Девушка, перестав улыбаться, бросила взгляд на его одежду и проговорила разочарованно:
— Ты монах что ли?
— Нет, — торопливо отозвался Нежата. — Просто родители отдали меня в монастырь в учение книжное. А по дороге разбойники забрали рубаху — только подрясник старца остался…
Девушка рассмеялась, и усерязи запрыгали и закачались над ее ушами.
— Да ты везучий! Рубашку забрали, а целый мешок добра оставили.
Нежата улыбнулся в ответ и пожал плечами: что он мог сказать? Да, пожалуй, он везучий.
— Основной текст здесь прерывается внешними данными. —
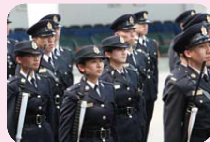
The new female uniform hat comes under spotlight at the passing-out parade on April 1, 2010.

Having accomplished its historic mission since 1981, the obsolete hat was kept in the Customs Museum as part of the Department's heritage.

Девушка хотела еще что-то спросить, но крупные капли дождя, сначала редкие, посыпались все гуще и гуще. Нежка глянула на Нежату весело и, схватив за рукав, потянула вперед. Она затащила его во двор, повлекла в дом. В сенях, в кромешной тьме, Нежата зацепил и уронил что-то с грохотом. Нежка прыснула и втолкнула его в избу. Нежата замер, глотнув густой, пахнущий дымом и потом воздух человеческого жилья. Он отвык уже. Было понятно, что в избе находится много людей, но при свете тлеющего очага трудно было понять, сколько их. Нежата еле смог разглядеть женщину за ткацким станом: ей светила лучина. Она подняла голову от работы и резко спросила:
— Ну, кого привела?
— Это странник, матушка, — детский голосок Нежки звучал озорно и дерзко.
— Гони в шею попрошайку.
— Там дождь… — возразила Нежка.
— Не хватало, чтоб ты в дом тащила кого придется, — ясно было, что мать не станет уступать. Нежка тихонько потянула Нежату за дверь: он, одурманенный духотой и ошарашенный грубым приемом, плохо соображал, что делать.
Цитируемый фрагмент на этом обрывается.